Content starts

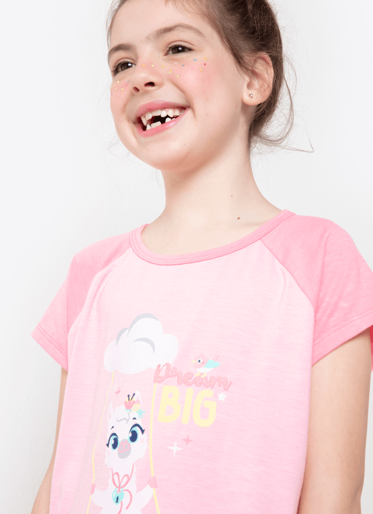 Pijama Manga Curta Menina Viscolycra Lhama Secret
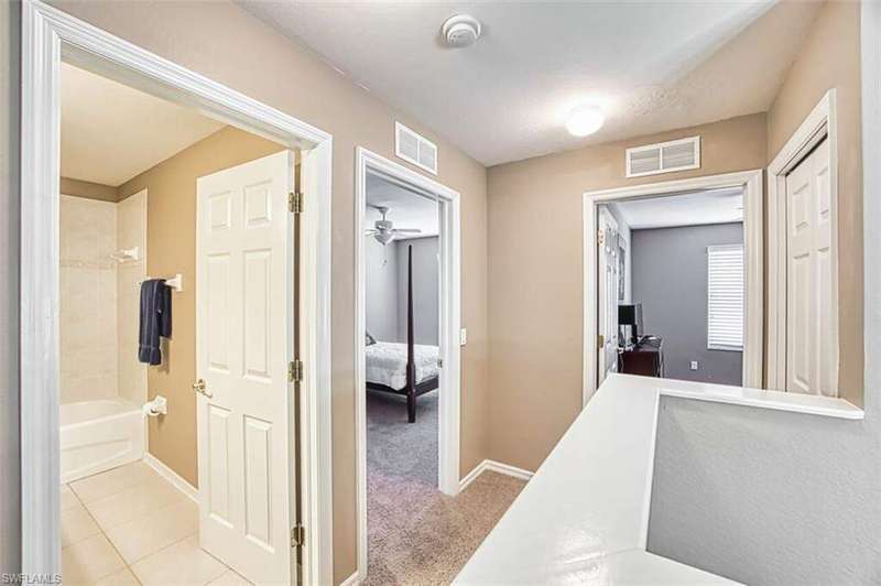 Welcome to Your New Home in Reflection Lakes! This super clean and well-maintained 3 bedroom, 2.5 bath home is move-in ready and full of charm. With a one-car attached garage, it's got everything you need in a perfect location. Step inside to a bright white kitchen with an eat-in dining area and a convenient bar window that opens to the spacious great room - perfect for entertaining or just relaxing at home. Tile flooring runs throughout the entire downstairs, and there's a screened lanai porch that lets in tons of natural light. The primary suite is conveniently located on the first floor and features a walk-in closet, while the two additional bedrooms and full bath are tucked away upstairs. Walk right out your lanai and you're just steps from the pickleball courts! Reflection Lakes is packed with amenities - think basketball, bocce, tennis, volleyball, a resort-style pool and spa, a fitness center, and more. You're also super close to shopping, hospitals, Sanibel, and Fort Myers Beach - talk about the perfect spot! Don't miss out on this awesome home - call today to schedule your private showing!
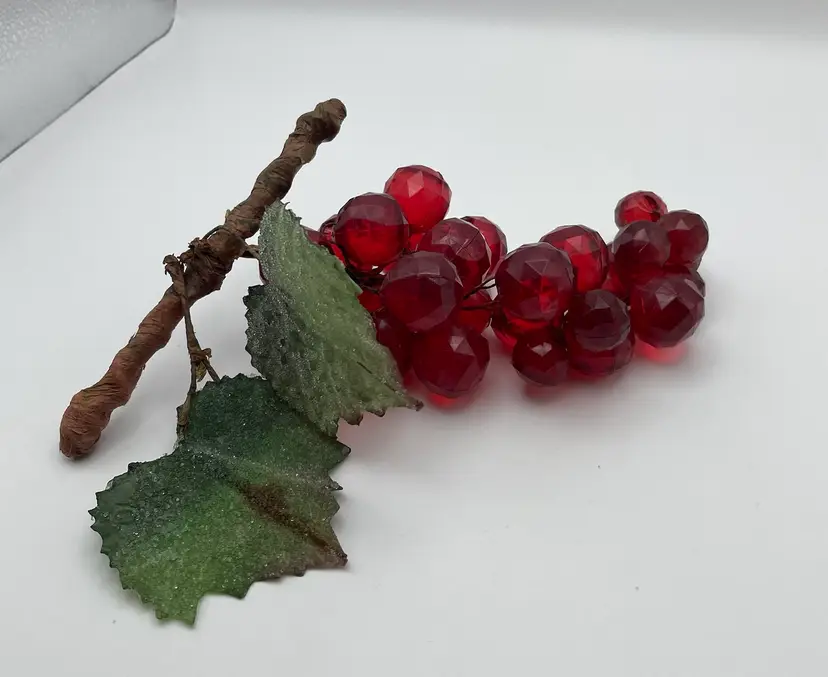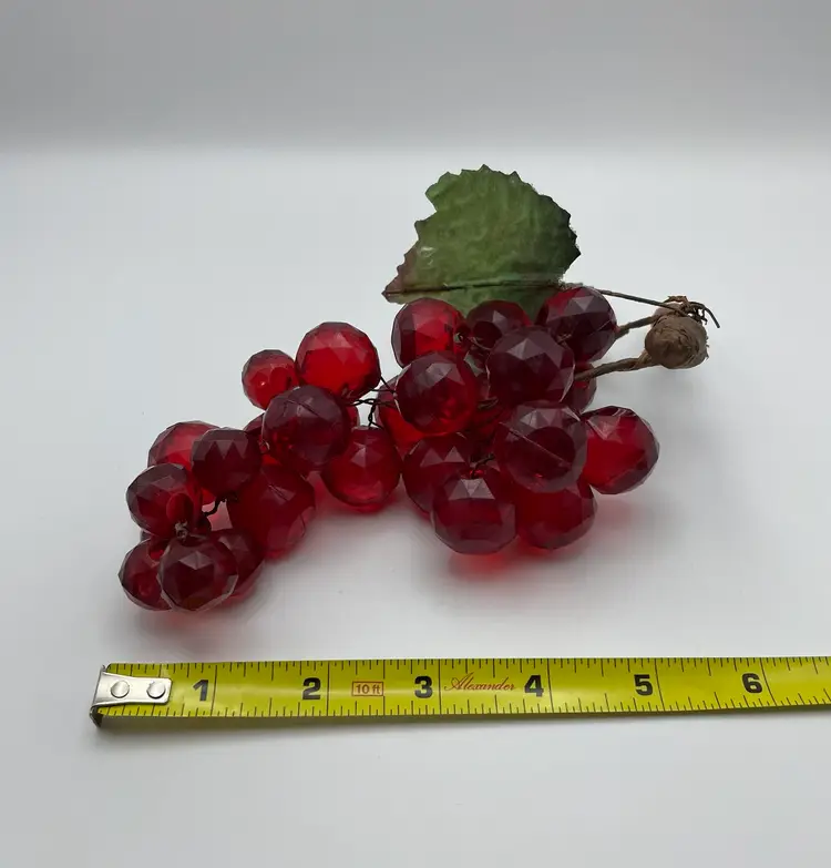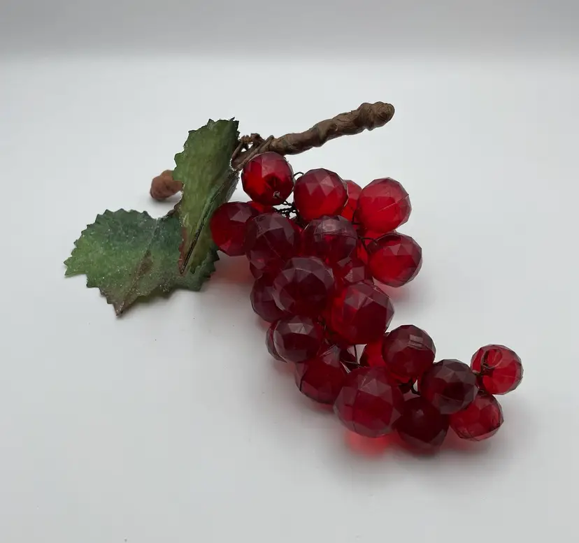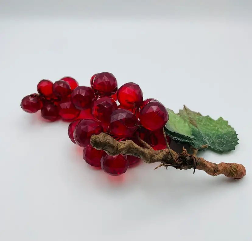 MidCentury RED FACETED GRAPES Lucite Acrylic Small 6" Cluster Bunch Retro Fruit
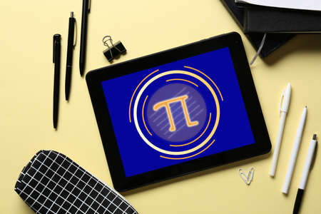 Modern tablet computer and school stationery on table. International Pi Day
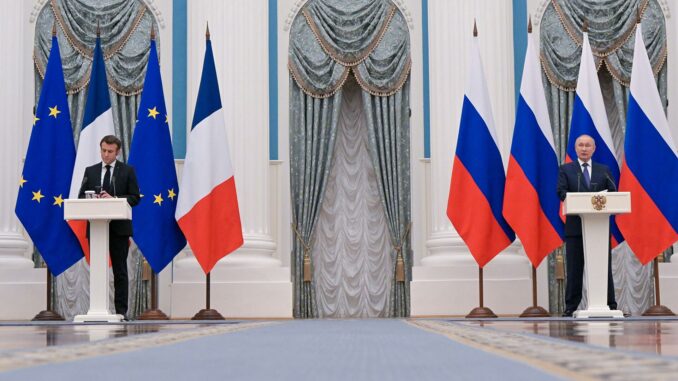 Попытка решить все кавалерийским наскоком, дескать, сейчас я слетаю в Москву и обо всем договорюсь, наткнулась на жесткую позицию, которую российский президент занял с первых минут встречи: «Я хочу и вас спросить: вы хотите воевать с Россией? Вы спросите своих читателей, зрителей, пользователей интернет-ресурсов. Вы хотите, чтобы Франция воевала с Россией?»
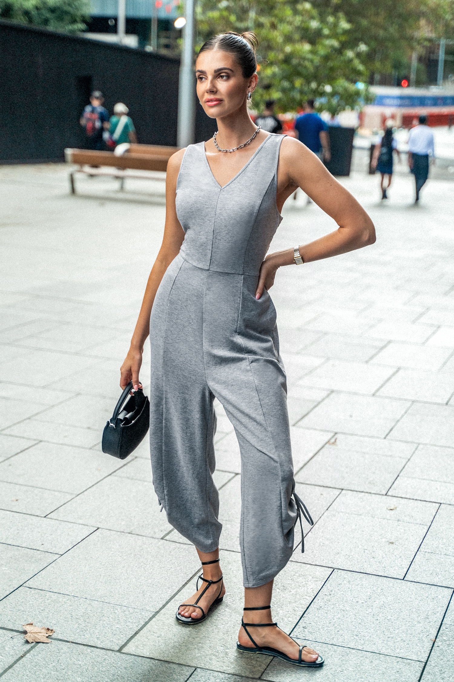 HomeSleeveless V-Neck Wide Leg Jersey Jumpsuit
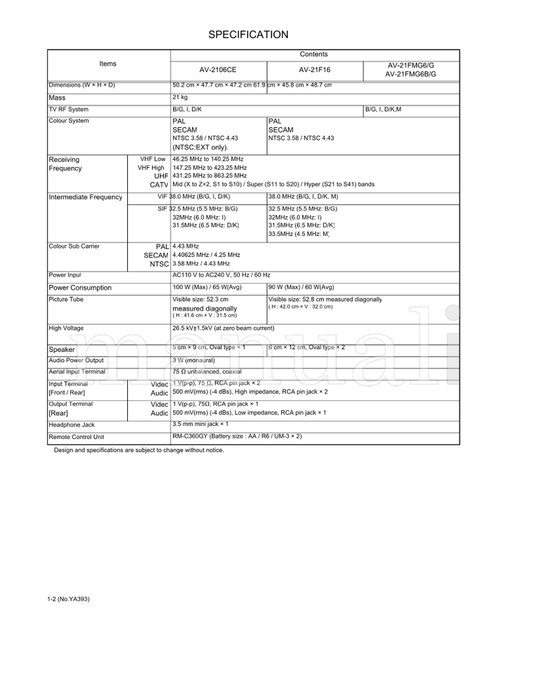 JVC YA393 AV-2106CE AV-21F16 AV-21FMG6 AV-21FMG6B (96 pages) TV Service Manual
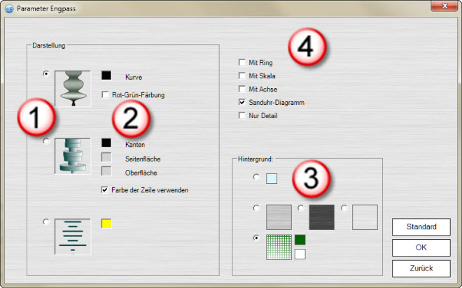 Im Parameterfenster wählen Sie die Grundform der Darstellung (1) und dazugehörige Farben (2), den Hintergrund (3) und eine Reihe von Zusatzeinstellungen (4):
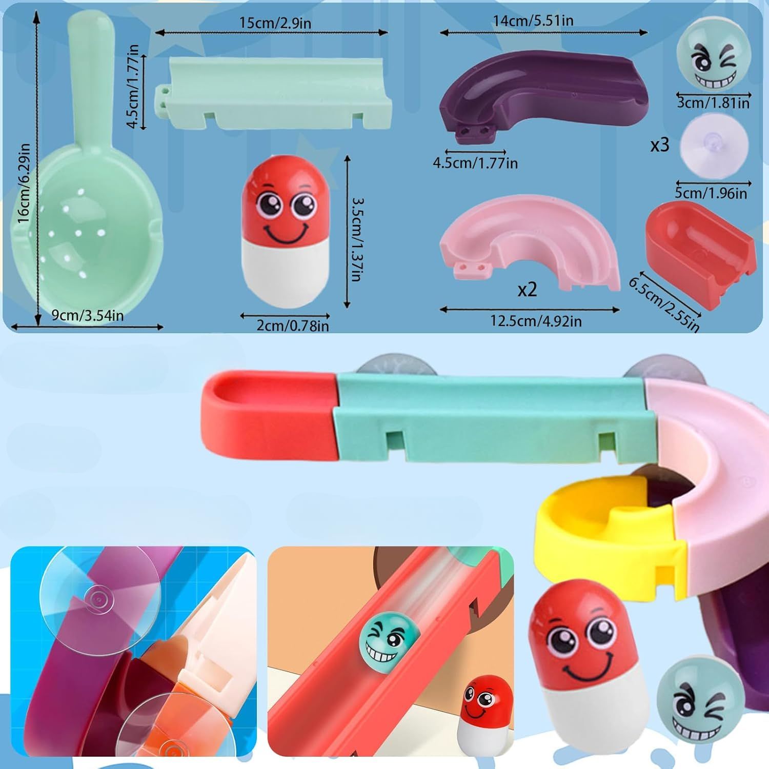 Opis izdelka: Odkrijte čarobni svet zabave med kopanjem s kompletom igrač za kad YOUYIKE. Ta 14-delni komplet vključuje vse, kar potrebujete, da bo kopanje za vašega otroka nepozabna izkušnja. Te igrače so izdelane iz varnega in nestrupenega materiala ABS ter ne vsebujejo BPA, ftalatov in svinca, kar zagotavlja varno igro. Komplet vključuje interaktivno igračo za kopanje v obliki opice, komplet povezovalnih tirnic s priseski, raco, žlico, žogo in še več. Otroci se bodo neskončno zabavali ob sestavljanju toboganov, spuščanju žogic in opazovanju, kako hitro plavajo v kadi. Te igrače pomagajo razvijati koordinacijo rok in oči ter praktične spretnosti ter spodbujajo interakcijo med dojenčkom in starši. Sestavljanje je enostavno – priseske preprosto pritrdite na katero koli gladko površino in končali ste. Kopanje še nikoli ni bilo tako razburljivo!

Content ends

* Exercise requirements
Every line from the one that holds "Попытка решить все" to the last line of the records above goes into the answer, exactly as written; nothing else does, and no picture does either.

* Exercise answer
 Попытка решить все кавалерийским наскоком, дескать, сейчас я слетаю в Москву и обо всем договорюсь, наткнулась на жесткую позицию, которую российский президент занял с первых минут встречи: «Я хочу и вас спросить: вы хотите воевать с Россией? Вы спросите своих читателей, зрителей, пользователей интернет-ресурсов. Вы хотите, чтобы Франция воевала с Россией?»
 HomeSleeveless V-Neck Wide Leg Jersey Jumpsuit
 JVC YA393 AV-2106CE AV-21F16 AV-21FMG6 AV-21FMG6B (96 pages) TV Service Manual
 Im Parameterfenster wählen Sie die Grundform der Darstellung (1) und dazugehörige Farben (2), den Hintergrund (3) und eine Reihe von Zusatzeinstellungen (4):
 Opis izdelka: Odkrijte čarobni svet zabave med kopanjem s kompletom igrač za kad YOUYIKE. Ta 14-delni komplet vključuje vse, kar potrebujete, da bo kopanje za vašega otroka nepozabna izkušnja. Te igrače so izdelane iz varnega in nestrupenega materiala ABS ter ne vsebujejo BPA, ftalatov in svinca, kar zagotavlja varno igro. Komplet vključuje interaktivno igračo za kopanje v obliki opice, komplet povezovalnih tirnic s priseski, raco, žlico, žogo in še več. Otroci se bodo neskončno zabavali ob sestavljanju toboganov, spuščanju žogic in opazovanju, kako hitro plavajo v kadi. Te igrače pomagajo razvijati koordinacijo rok in oči ter praktične spretnosti ter spodbujajo interakcijo med dojenčkom in starši. Sestavljanje je enostavno – priseske preprosto pritrdite na katero koli gladko površino in končali ste. Kopanje še nikoli ni bilo tako razburljivo!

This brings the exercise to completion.